BrainVectors (BV) aims at delivering a clinically-acceptable viral vector with regulatable transgene expression for gene delivery in the brain. Our objectives were to optimize:
- the viral vector: a “vehicle” to deliver the therapeutic gene inside the brain cells. The vector must be non-toxic, target brain cells and provoke no immune reaction. Furthermore, the vector must be produced as a pharmaceutical agent - i.e. at a sufficient purity and according to “good manufacturing practices”.
- the adjustable system: a dimmer or genetic switch to adjust the dose of the therapeutic protein to the patient’s needs. The genetic switch must be operated by a clinically-acceptable, non-toxic and non-immunogenic drug.
Project objectives
1. To obtain a variant of the doxycycline-inducible (Tet-On) genetic switch that, when administered in the brain, responds to a clinically-acceptable drug inducer.
2. To compare three vectors based on adeno-associated virus (AAV), canine adenovirus (CAV) and lentivirus (LVV) with the selected inducible system in the brain. The following parameters were characterized: distribution of transgene expression in the brain, inducer dose range, leakiness, ON/OFF kinetics.
3. To develop methods for scalable production of CAV vectors.
4. To obtain cell type-specific inducible viral expression vectors to improve targeting specificity.
5. To evaluate the distribution of transgene expression after injection in the rodent brain.
6. To evaluate virus-cell interactions in a human neural progenitors cellular model.

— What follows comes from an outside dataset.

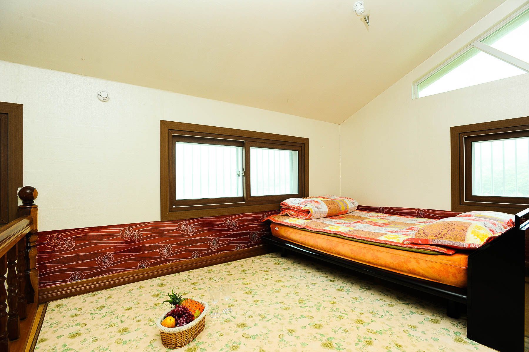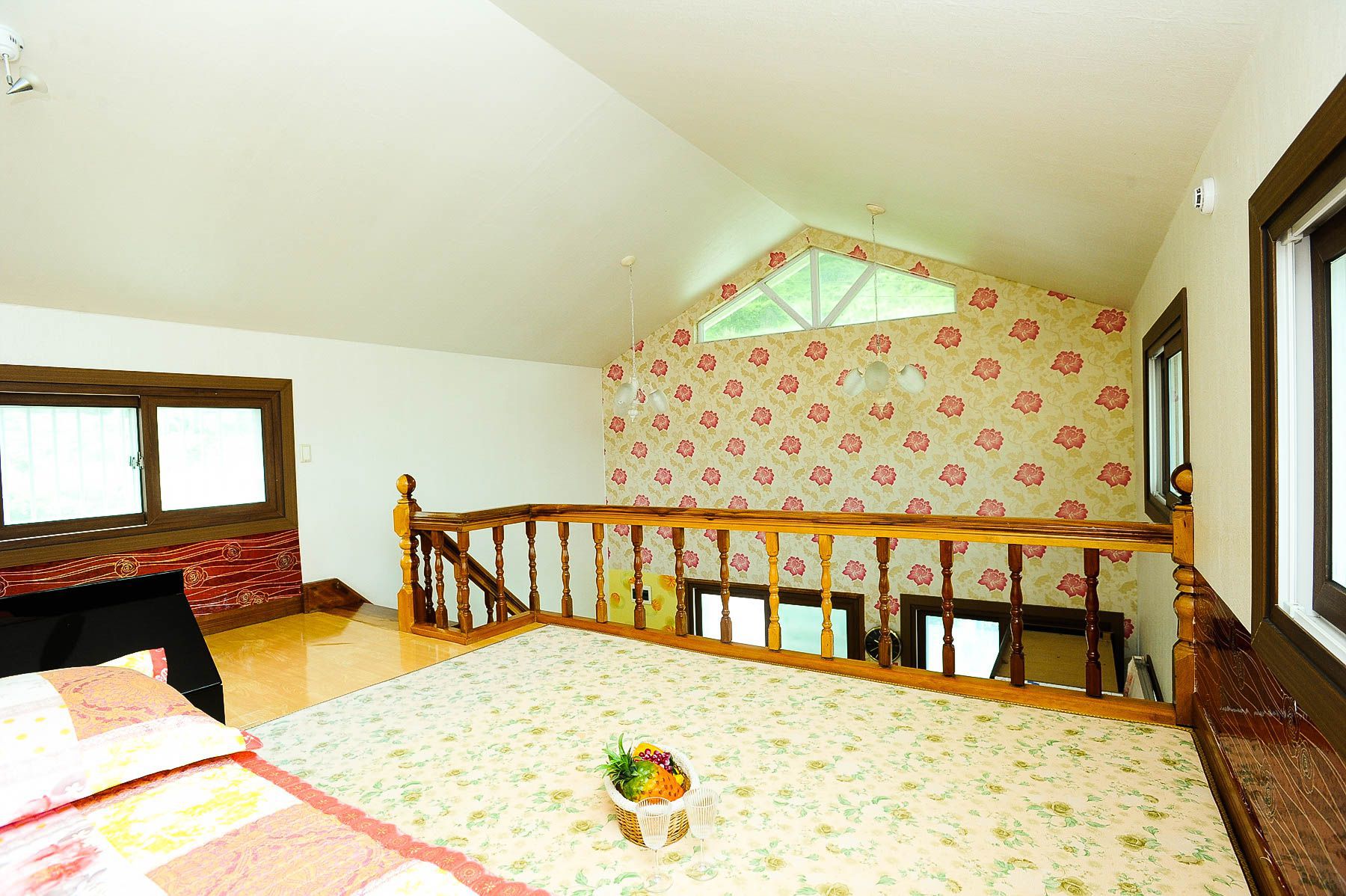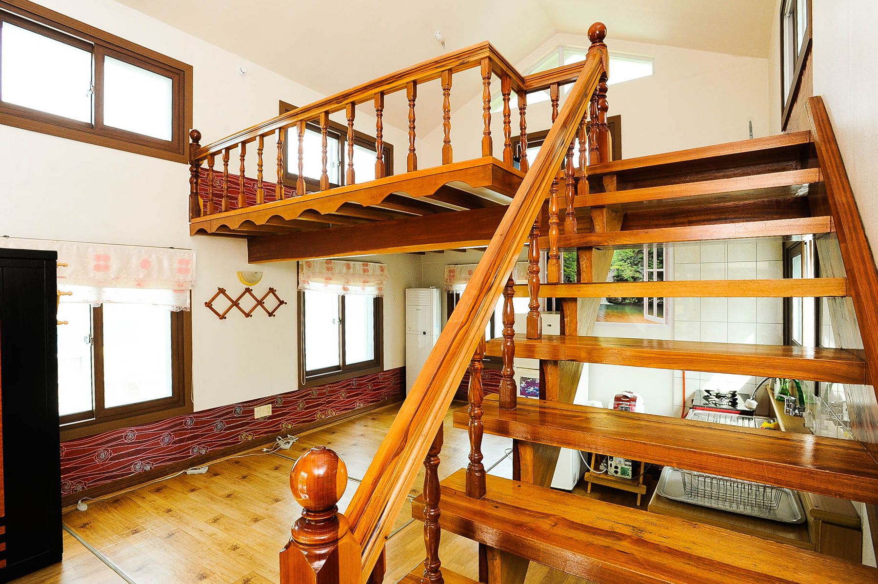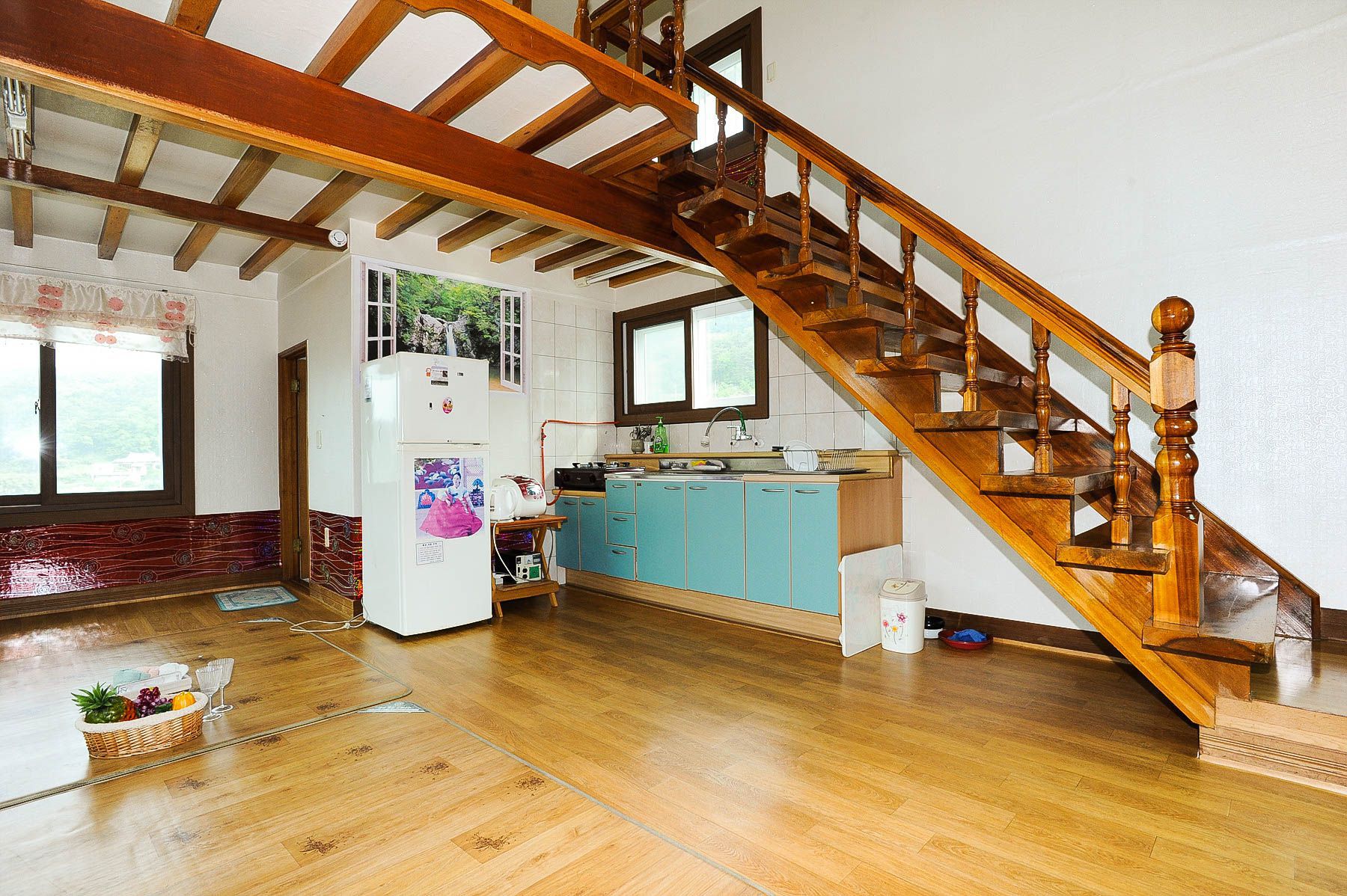 1층은 일반가옥처럼 편안한 휴식을 가질수 있고 넓은 거실과 객실2개,화장실,주방으로 구성되어 있습니다.

7. To analyze the immune response to the inducible system.
Main Results
The vectors and the dox-inducible switch
Partner 2 generated Tet-On systems that are more active and doxycycline (dox)-sensitive than the original Tet-On system. These optimized variants, which are protected by a patent, are particularly useful for in vivo applications that require a more sensitive Tet-On system, such as the brain due to low dox penetration. Partner 2 has also previously set up a bioassay to measure dox levels in serum, which was used to define clinically-acceptable dox doses by comparison with data from patients treated with dox for different indications. Using a dox-sensitive variant, Partners 10 and 12 constructed dox-inducible AAV and CAV vectors that, when injected in the rat brain, respond to clinically-acceptable dox doses. Partner 7 developed brain cell type-specific (neurons, astrocytes) dox-inducible systems by splitting elements of the genetic switch between two LVV vectors, while Partner 3 obtained single cell type-specific AAV vectors but the inducibility of the vectors was very poor.
Vectors construction, production and purification
Several partners (1,3,7,8,10) benefitted from the biopharmaceutical know-how of Partner 5 and 6, in particular concerning vector production strategies. Whereas AAV and LVV are already in use in clinical trials in the brain, CAV vectors have never been developed for clinical applications. Partner 5, 6, 10 and 11 collectively improved the methods of vector construction and upscaling of helper-dependent (HD) CAV vector production. The hope is that HD-CAV vectors will constitute a new tool with specific advantages (large cloning capacity, lack of immunogenicity and retrograde axonal transport) in the arsenal of viral vectors for research and clinical applications.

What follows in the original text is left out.